Collected data
-- -- --
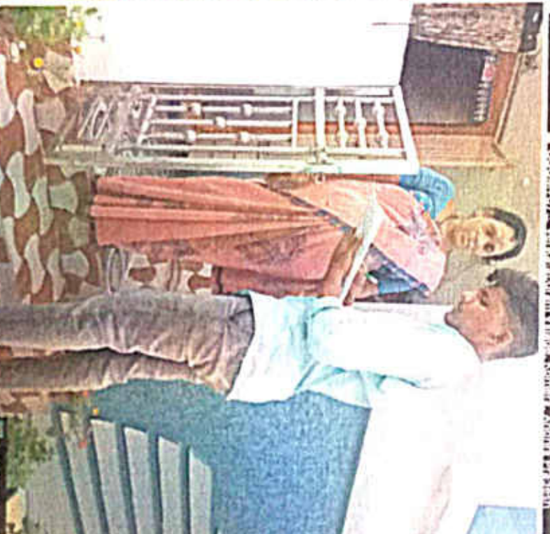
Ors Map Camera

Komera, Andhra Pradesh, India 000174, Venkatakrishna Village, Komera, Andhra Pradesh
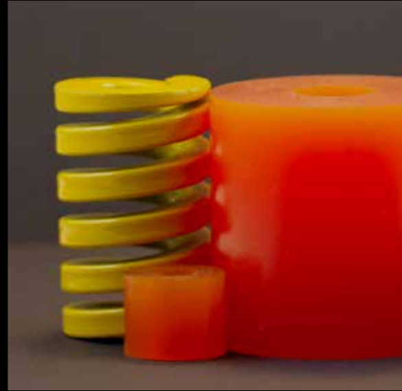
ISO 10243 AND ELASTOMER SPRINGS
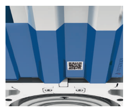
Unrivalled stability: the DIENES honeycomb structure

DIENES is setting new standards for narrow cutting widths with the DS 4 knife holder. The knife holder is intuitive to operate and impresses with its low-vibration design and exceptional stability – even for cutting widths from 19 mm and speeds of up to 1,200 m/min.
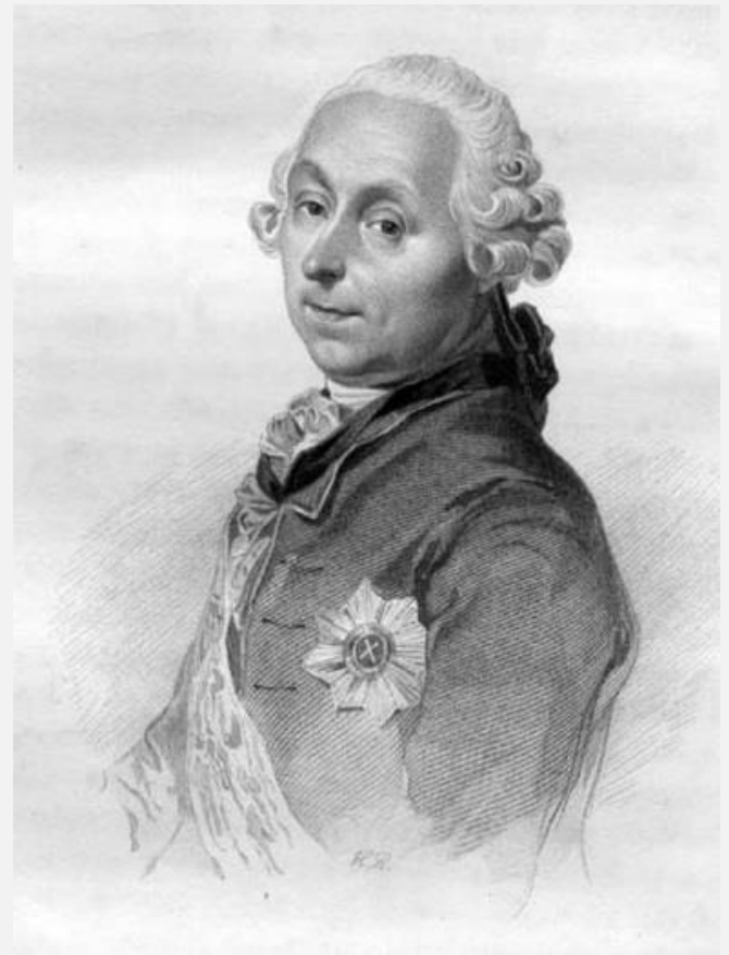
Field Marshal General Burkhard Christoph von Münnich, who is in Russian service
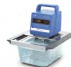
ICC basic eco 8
-- -- --
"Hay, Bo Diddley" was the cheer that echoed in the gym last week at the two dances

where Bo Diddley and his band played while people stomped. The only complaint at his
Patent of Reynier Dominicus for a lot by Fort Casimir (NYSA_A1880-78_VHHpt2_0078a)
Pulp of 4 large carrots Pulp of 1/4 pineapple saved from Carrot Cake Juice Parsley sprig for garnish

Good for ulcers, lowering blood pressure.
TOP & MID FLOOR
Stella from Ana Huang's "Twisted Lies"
-- -- --
TASK TO COMPLETE> In the records above, find the line with "the two dances"; write out exactly that line and each one after it, stopping after the line with "Stella from Ana".

SOLUTION BELOW>
"Hay, Bo Diddley" was the cheer that echoed in the gym last week at the two dances

where Bo Diddley and his band played while people stomped. The only complaint at his
Patent of Reynier Dominicus for a lot by Fort Casimir (NYSA_A1880-78_VHHpt2_0078a)
Pulp of 4 large carrots Pulp of 1/4 pineapple saved from Carrot Cake Juice Parsley sprig for garnish

Good for ulcers, lowering blood pressure.
TOP & MID FLOOR
Stella from Ana Huang's "Twisted Lies"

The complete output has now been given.